Rania menatap takjub ke sekeiling area, dia tak percaya memiliki hal seperti ini. Tak pernah ada dalam bayangannya sedikitpun tentang apa yang tengah dialaminya saat ini, dan segalanya jauh dari perkiraan.


Seorang gadis yang berasal dari sebuah kota, yang menggemari hobi terhadap motor sejak kecil, sering mengikuti balap liar di jalan raya tanpa sepengetahuan sang ayah, sering mengalami hukuman ketika kegiatannya dikethui dan mendapat pandangan sebelah mata dari orang-orang sekelilingnya. Namun hari ini dia bisa membuktikan jika dirinya mampu. Setidaknya sudah sejauh ini perjalanannya, dan dia bersyukur akan hal itu.

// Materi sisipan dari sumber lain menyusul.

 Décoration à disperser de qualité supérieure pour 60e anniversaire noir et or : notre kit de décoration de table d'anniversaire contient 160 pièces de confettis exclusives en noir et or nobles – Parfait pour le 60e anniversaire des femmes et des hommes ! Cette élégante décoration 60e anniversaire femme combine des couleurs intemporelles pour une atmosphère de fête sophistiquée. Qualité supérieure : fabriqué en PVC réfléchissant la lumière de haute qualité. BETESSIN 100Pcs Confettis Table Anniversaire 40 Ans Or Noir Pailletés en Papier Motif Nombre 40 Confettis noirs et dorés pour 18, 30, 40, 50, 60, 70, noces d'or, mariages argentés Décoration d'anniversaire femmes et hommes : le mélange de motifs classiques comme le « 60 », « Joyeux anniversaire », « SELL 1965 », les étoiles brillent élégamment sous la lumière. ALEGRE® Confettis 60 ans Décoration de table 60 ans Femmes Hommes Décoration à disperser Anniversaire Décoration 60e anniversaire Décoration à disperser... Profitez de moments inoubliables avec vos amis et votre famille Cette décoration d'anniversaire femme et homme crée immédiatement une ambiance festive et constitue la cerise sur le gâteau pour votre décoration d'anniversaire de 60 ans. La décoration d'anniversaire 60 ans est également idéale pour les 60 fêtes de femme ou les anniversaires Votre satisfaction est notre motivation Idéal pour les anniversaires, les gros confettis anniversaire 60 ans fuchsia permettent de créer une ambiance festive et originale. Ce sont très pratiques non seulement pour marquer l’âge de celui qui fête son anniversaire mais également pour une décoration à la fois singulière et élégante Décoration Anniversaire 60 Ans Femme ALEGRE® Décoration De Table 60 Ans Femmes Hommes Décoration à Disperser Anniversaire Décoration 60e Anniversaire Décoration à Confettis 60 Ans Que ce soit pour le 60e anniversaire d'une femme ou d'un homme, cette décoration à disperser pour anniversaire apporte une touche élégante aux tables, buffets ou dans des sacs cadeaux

"Biasa aja oneng," Galang merangkul pundak sahabat masa kecilnya itu.


"Nggak usah gitu juga ngelihatinnya." dia menariknya kembali ke antrian pemeriksaan paspor.

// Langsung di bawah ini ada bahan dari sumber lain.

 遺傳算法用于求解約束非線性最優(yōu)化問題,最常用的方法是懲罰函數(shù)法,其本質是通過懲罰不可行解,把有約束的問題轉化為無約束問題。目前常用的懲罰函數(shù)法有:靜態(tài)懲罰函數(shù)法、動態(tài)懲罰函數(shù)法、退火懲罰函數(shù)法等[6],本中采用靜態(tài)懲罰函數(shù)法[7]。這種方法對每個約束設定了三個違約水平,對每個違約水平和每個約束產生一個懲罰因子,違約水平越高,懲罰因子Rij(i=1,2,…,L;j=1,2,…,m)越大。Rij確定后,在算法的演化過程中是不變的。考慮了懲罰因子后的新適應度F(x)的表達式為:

"Kita di Singapur Lang," ucap Rania dengan lugunya.


"Iya tahu, nggak usah dijelasin juga. Abis ini Itali, Madrid, Jepang, terus kemana lagi ya? duh... banyak. kita akan keliling dunia."


Rania tersenyum.


Pemeriksaan paspor dan segala tek tek bengeknya selesai. Mereka keluar dari bandara dan menaiki mobil jemputan yang sudah menunggu. Menuju hotel tempat mereka menginap untuk empat hari ke depan.


Hotel terkenal yang berjarak lima menit dari Marina Bay Street itu menjadi satu-satunya hotel terdekat ke sirkuit. Sehingga dari sini mereka bisa melihat lintasan yang sedang bersiap itu dengan cukup jelas.


Walau masih dilalui kendaraan karna memang letaknya yang berada di tengah kota, dan menjadi jalan utama menuju ke segala penjuru Singapura, namun persiapannya dilakukan cukup matang. Terlihat sekali penyelenggara dalam hal ini memanglah sangat profesional.


"Aku nggak pernah ngebayangin akan mengalami semua ini. Yang aku tahu, aku suka balapan, dan bermimpi mau jadi pembalap." Rania merebahkan tubuhnya di sofa balkon kamar hotelnya, sementara Galang duduk dilantai. Setelah makan malam bersama dan para crew meninggalkan mereka untuk melakukan persiapan.


"Kita nggak tahu apa yang akan terjadi selanjutnya di masa depan kan?" pemuda itu bersandar pada sofa dimana Rania berada.


"Kamu nanti ikut ke sirkuit nggak?"


"Nggak. Aku nunggu motornya dateng dulu. Masih pemeriksaan di Bandara." Galang fokus menatap layar ponselnya. Ujung jarinya bergerak-gerak menggeser layar naik turun. Melihat beberapa penawaran di e-commerce di ponselnya.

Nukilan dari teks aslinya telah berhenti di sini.